Confieso que aquello me decepcionó. Esperaba algo más espectacular, algo más problemático o sugerente, un dilema de mayor complicación. Pensé: “¿qué problema hay en que exista un conjunto que no tenga ningún elemento?”, y me imaginé una bolsa vacía, sin nada en su interior. Seguí en silencio durante un momento, todavía observándolo. Se había quedado inmóvil, con los ojos cerrados, pero había en sus cejas y en la inclinación de sus labios una expresión que parecía esconder tristeza o cansancio. Me acerqué un poco a él y sentí su olor, me pareció que de madera palpitante. Era la primera vez que nuestra conversación no terminaba de un modo abrupto, que Deverne no se encendía o ponía nervioso, o que yo no me marchaba de allí, cansada de esperar a que dijera nada. Recordé entonces sus palabras (“el empeño de la vida en seguir viviendo”, “una especie de axioma universal de la vida”, “poner en duda los axiomas”), y sentí una súbita compasión por él. Todas aquellas reflexiones matemáticas parecían conducir a Deverne a un pesimismo de una índole teórica (y por lo tanto más profunda y peligrosa, puesto que no respondía a un estado de ánimo concreto y pasajero, sino a un convencimiento racional), pero sobre todo parecían suponerle un tormento, un peso que a veces lo incendiaba, pero que otras veces lo hundía y silenciaba. Continué mirándolo y me acerqué un poco más. Su respiración era pausada y su pecho se movía muy poco y muy lentamente. Aquella quietud sostenida y oscilante me recordó a su manera de hacer el amor, y sentí un repentino deseo, casi urgente, de besarlo.

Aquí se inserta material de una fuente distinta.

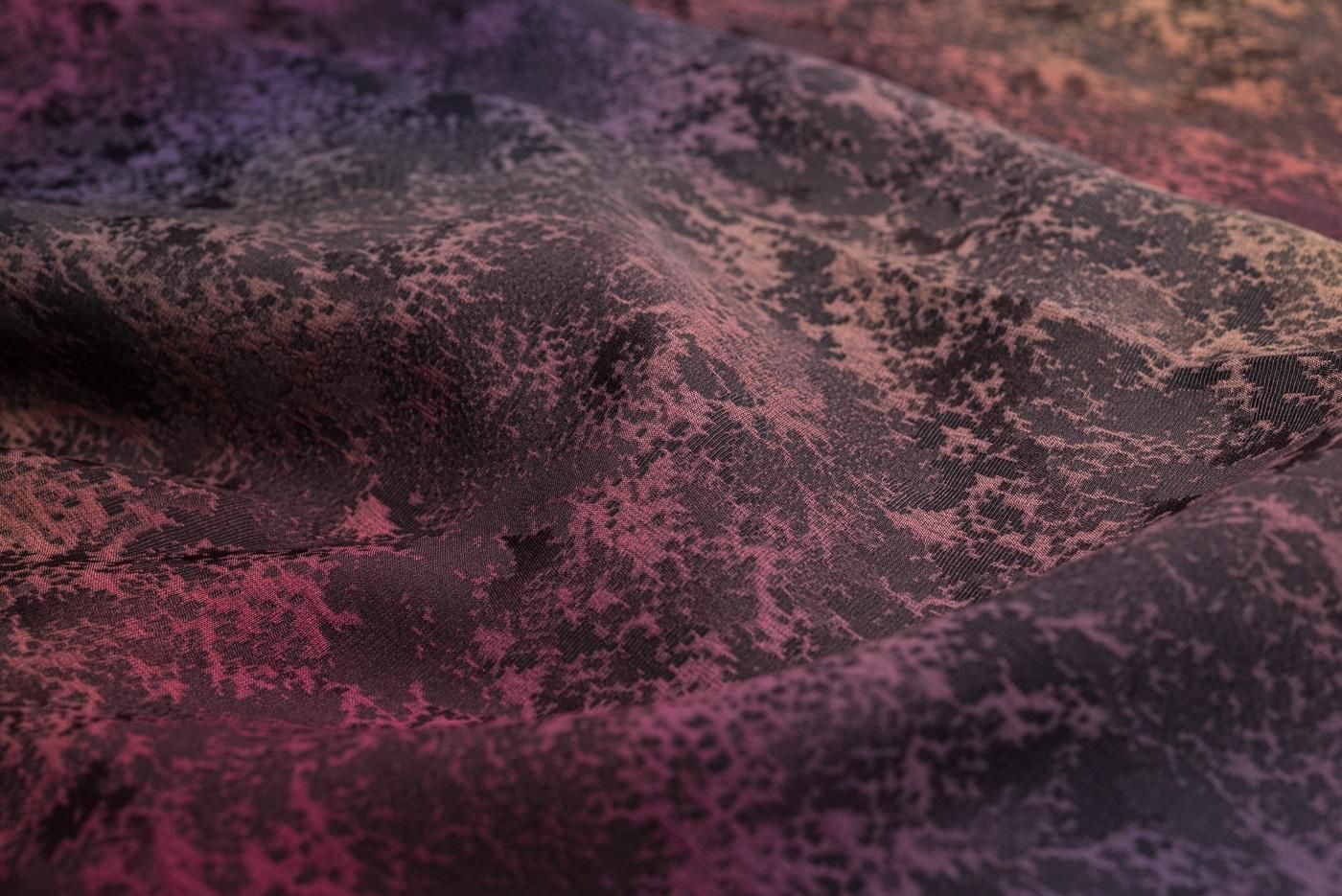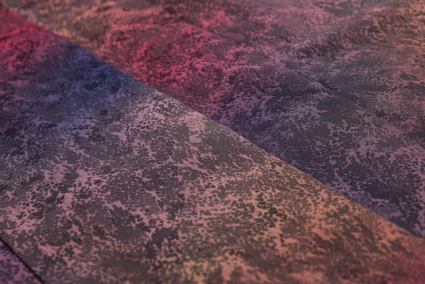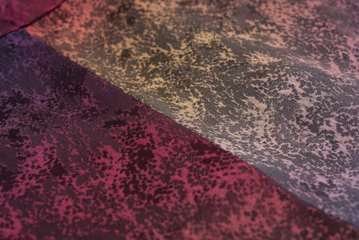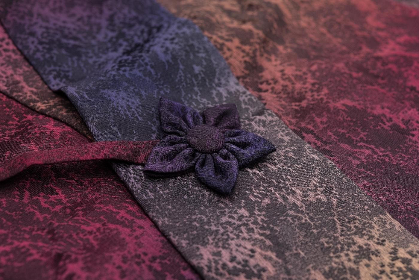 赤や紫の暈しが美しいロング丈の道中着です。
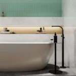 С таким же рисунком выпускаются бордюры, вставка и декоры для укладки на пол. Керамогранитная плитка 40×40 см с напольной декорацией и керамическими плинтусами может использоваться не только в сочетании с настенными, но и самостоятельно: например, в прихожей или гостиной.
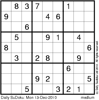 The Daily SuDoku: Mon 13-Dec-2010

Antes de hacerlo, sin embargo, me levanté del sofá y me acerqué al ordenador. Cuando empezó a sonar la música, Deverne abrió los ojos y esta vez sonrió con toda claridad. Por primera vez, más que una mera excitación sexual, lo que sentí fue un afecto y unas ganas de abrazarlo más poderosas, más tiernas y amorosas que las que había sentido hasta entonces. Volví a sentarme a su lado en el sofá, puse una mano sobre su mejilla, y cerré los ojos yo también.